El Adviento, con su invitación a la espera, la conversión y la renovación, encuentra un eco especial en las hermandades. Estas comunidades de fieles, arraigadas en la tradición y la devoción, pueden hacer del Adviento un tiempo de profunda espiritualidad y crecimiento. Las hermandades tienen raíces históricas profundas. El Adviento puede ser una oportunidad para reencontrarnos con el origen más profundo de nuestra historia.
Asimismo, a espera compartida del Señor puede unir aún más a los hermanos, fomentando el espíritu de servicio, la solidaridad y el apoyo mutuo. El último suspiro para la venida del Redentor y la ilusión por el comienzo de un nuevo año fortalecen el alma en un tiempo en el que las representaciones belenísticas toman nuestras cofradías al son del tamboril y la pandereta.

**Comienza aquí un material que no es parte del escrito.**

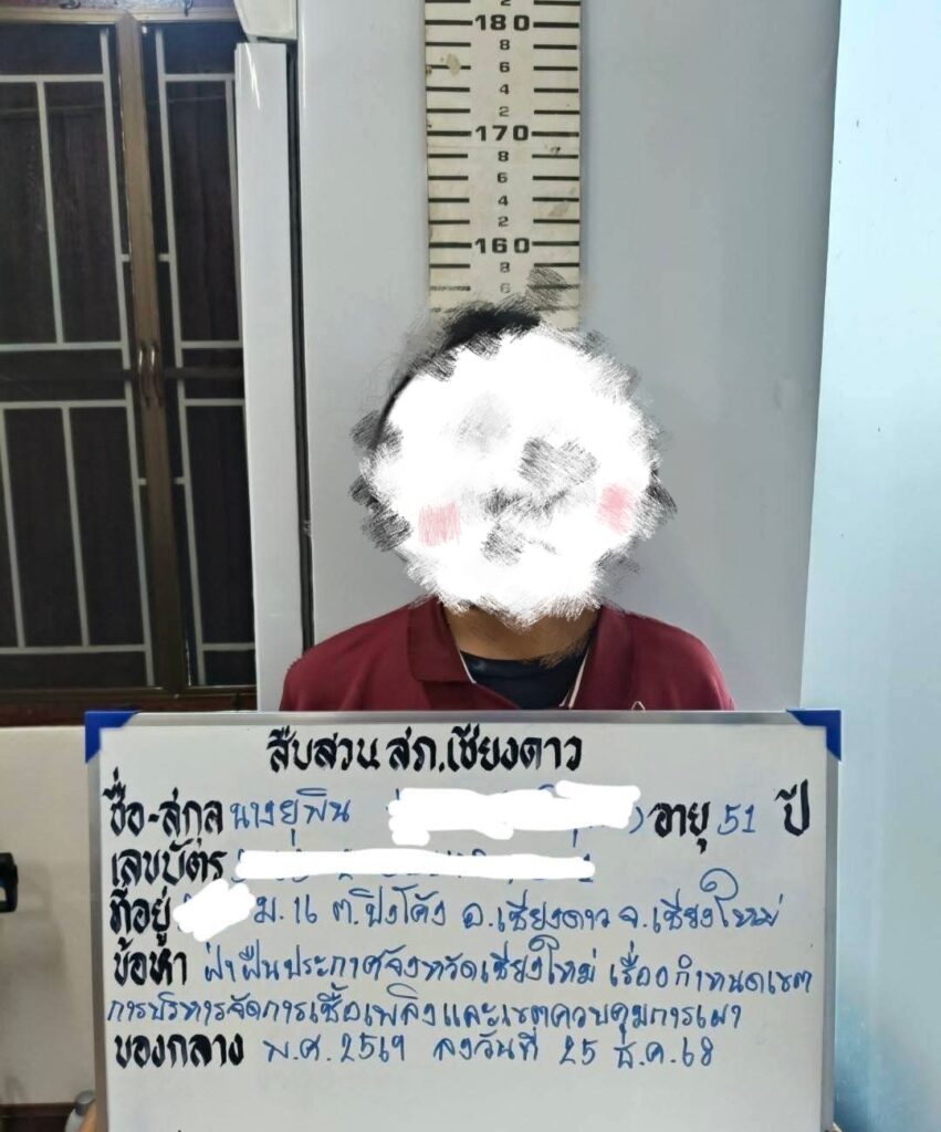 เมื่อไปถึงบริเวณไร่ดังกล่าว พบ นางยุพิน ฯ อายุ 51 ปี ราษฎรหมู่ 16 ตำบลปิงโค้ง อำเภอเชียงดาว จังหวัดเชียงใหม่ ยืนควบคุมการเผาบริเวณดังกล่าว ชุดจับกุมจึงได้แสดงตัวเป็นเจ้าหน้าที่ และได้สอบถามนางยุพินฯ ซึ่งรับว่า ตนเป็นผู้จุดไฟเผาจริง ชุดจับกุมจึงได้แจ้งข้อกล่าวหา เผาในที่โล่งโดยฝ่าฝืนประกาศจังหวัดเชียงใหม่ เรื่อง กำหนดเขตการบริหารจัดการเชื้อเพลิงและเขตควบคุมการเผาของจังหวัดเชียงใหม่ ประจำปีงบประมาณ พ.ศ. 2569 จากนั้นได้นำตัวนางยุพินฯ ส่งพนักงานสอบสวน สภ.เชียงดาว เพื่อดำเนินการต่อไป
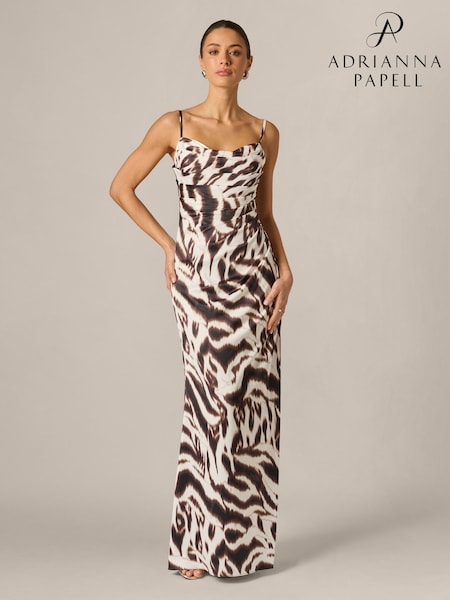 Adrianna Papell White Adrianna By Printed Satin Long Dress

El tiempo de espera nos sumerge en la liturgia, como no puede ser de otro modo, y las tres eucarísticas de carácter preceptivo marcan el tiempo de la oración y la rememoración en las comunidades eclesiásticas. Natividad, Santa María Madre de Dios y la Epifanía dividen en intervalos el tiempo que responde a la eterna espera de cuatro domingos que lucen en el firmamento.
Es tiempo de servicio. El frío y las colas del hambre claman para atender el tercer pilar fundamental de las cofradías: la Caridad. El servicio al prójimo y la ayuda al necesitado concentran las obras de caridad que las hermandades evocan a través de potentes obras sociales que no hacen sino sostener a una sociedad corrompida por el egoísmo y el desapego.